The neighbour has removed a physical boundary (a kerb) and a planter between the two properties, and hard surfaced the front area with a new tarmac.  This means that there is no physical boundary between the two properties at present, with the new hard surface in front of the neighbours house - different colour - visually incorporating a portion of the land that belongs to the property we are hoping to buy. 

We don't mind the hard surface but are concerned with potential future issues, possibly legal, if the line between the two surfaces is treated by the neighbour as the line of their property. Since the kerb and planter removal, they have placed a 3-bin storage roughly along this line, and are leaving bicycles laying around in this area.

We have raised it with the vendors and asked that the true boundary line is clearly defined. Their reply was, in summary, that the vendor is _'not aware that the neighbours removed anything'_ (re kerb and planter - how can he not be aware, it was his house for years?), that the neighbours' storage is positioned_ 'in keeping with the boundary line'_, and that _'it would be up to a new owner to define a boundary if they wish'._

Is the vendor correct? We haven't replied to them yet, not sure what next. Our solicitor has raised the issue with the vendors' solicitors as well and are now awaiting a reply.
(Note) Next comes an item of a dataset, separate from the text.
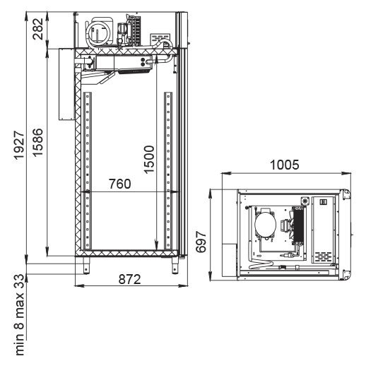 Каталог оборудования Холодильное оборудованиеШкафы холодильныеСпециализированные холодильные шкафыШкаф холодильный для вызревания салями Polair CS107 Salami со стеклом Шкаф холодильный для вызревания салями Polair CS107 Salami со стеклом Код товара: 062-631 Поделиться: WhatsAppTelegram СравнитьДобавить в КПВ избранное 0 385 050 ₽ В корзину 0 шт Под заказСамовывоз сегодня бесплатно Взять в кредит Купить в лизинг Получить консультацию в WhatsApp Описание Характеристики Отзывы 0 Инструкции 5 Шкаф холодильный для вызревания салями Polair CS107 Salami со стеклом предназначен для приготовления и хранения салями, сыровяленых колбас и других мясных деликатесов на предприятиях общественного питания и торговли. Корпус цельнозаливной конструкции выполнен из нержавеющей стали снаружи и внутри (кроме задней стенки), что обеспечивает высокую прочность и долговечность. Дверь выполнена в виде стеклопакета для удобного визуального контроля. Оборудование рассчитано на работу при температуре окружающей среды до +40 °С. Особенности: Динамическое охлаждение с мягким обдувом без заветривания Верхнее расположение агрегата Автоматическая оттайка с системой испарения конденсата Русифицированная многофункциональная панель управления с дисплеем 5" и возможностью создания и сохранения собственных программ Встроенный ультразвуковой увлажнитель (необходима подача очищенной воды и подключение к канализации) UV-лампа для обеззараживания воздуха внутри камеры 3 пары направляющих с тремя перекладинами и подвесами для колбас Регулируемый уровень влажности: от 60 до 95 % Распашная дверь с заливной теплоизоляцией, встроенной ручкой и магнитным уплотнителем Отключаемая внутренняя LED-подсветка Штампованное углубление в дне корпуса для удобства ухода Педаль для удобного открытия двери Хладагент R290 (пропан) Толщина стенки корпуса: 43 мм Polair CS107 Salami со стеклом — это профессиональный шкаф, разработанный специально для мясных деликатесов. Он обеспечивает оптимальные условия для ферментации и хранения продукции за счёт точного контроля температуры и влажности, продуманной конструкции и удобного функционала. Такой шкаф станет надёжным решением для мясных цехов, гастробаров и специализированных магазинов.Изображение товара, представленного на фото, может отличаться от его фактического вида. Показать все Габаритные размеры697×1005×1960 ммДиапазон рабочей температурыот -2 до +30 °CДлина697 ммШирина1005 ммВысота1960 ммОбъём700 лКол-во дверей1 Тип двериСтеклянная Уровень влажностиот 60 до 95 %Холодильный агрегатВстроенный Тип оттайкиАвтоматическая Тип охлажденияДинамическое ПодсветкаЕсть UV-лампаЕсть ХладагентR290 Вес нетто160 кгВес брутто190 кгБрендPolairВсе специализированные холодильные шкафы Из нержавейкиВсе специализированные холодильные шкафы Стеклянная дверь Оставить отзыв Еще никто не оставил отзыв на этот товар Схема POLAIR CS107 Salami.jpgИнструкция на POLAIR CS107 Salami.pdfБрошюра на POLAIR CS107 Salami.pdfДекларация о соответствии.pdfСертификат соответствия.pdf Похожие товары Перейти в каталог Под заказ 392 700 ₽ Шкаф холодильный для вызревания мяса Polair CS107 Meat черный, со стеклом (Тип 2) В наличии 405 365 ₽ Шкаф холодильный для хлебопекарных производств Polair CS107 Bakery Br черный, со стеклом (Тип 2) Под заказ 373 915 ₽ Шкаф холодильный для вызревания салями Polair CS107 Salami черный, со стеклом Под заказ 419 900 ₽ Шкаф холодильный для хлебопекарных пр

Should I write to the vendor, attach images of 'before' and 'after', and again request defining this boundary? Should it be a condition of the contract? We like the house, want to buy it and would not like to loose it over this issue. But at the same time we would like to have it resolved before we sign, main reason being to avoid any potential conflict with the neighbour next door as they are already 'spreading' over land that is not theirs.

I would be most grateful for your opinions.


----------



## KOW (5 Jan 2023)

MandyD said:


> We are in the process of buying a terraced house. The only house in the neighbourhood with shared driveway which, as per our surveyors report and our google maps checks, appears to have been done by the neighbour in the last few months. There is no planning permission in place for these works. The house was previously rented for 10+ years so I guess the renters didn't see a reason to get involved.
> 
> The neighbour has removed a physical boundary (a kerb) and a planter between the two properties, and hard surfaced the front area with a new tarmac.  This means that there is no physical boundary between the two properties at present, with the new hard surface in front of the neighbours house - different colour - visually incorporating a portion of the land that belongs to the property we are hoping to buy.
> 
> ...


You state that your solicitor has raised the issue and awaits reply. It is an issue that needs to be sorted legally. Anybody purchasing the property will require the same information and the vendors will be aware of this. Sit tight and let the legals earn their keep.


----------



## MandyD (5 Jan 2023)

Thank you so much @KOW for your reply! 

I am concerned about it actually. Our solicitor, after receiving a copy of the survey report, sent an email to us before Christmas with a proposed date for contract signing in early January, said she would read the report in the new year, and asked that we confirm for her file that we have read through the report and are happy to proceed with the purchase. This is when I talked to the surveyor and replied to the solicitor with a list of all the various concerns raised in the report, the boundary issue being one of the two main ones. 

The solicitor's reply was quite dismissive about the issue and her comments clearly indicated that she was not familiar with the report - she wrote that_ 'from a legal perspective, I am only concerned with the official legal map and the site as outlined thereon. It would seem that since there is no actual physical boundary in place at the front that there is some ambiguity as to the true boundary line. The vendors have confirmed with the title documents that there are no disputes with the neighbour as regard boundary lines'. _ I wrote back to her that there was a physical boundary in place just a few months earlier, etc. - it was all in the report! I called twice - no call back, only an email to say that she is dealing with all the issues raised and that she is still on annual leave.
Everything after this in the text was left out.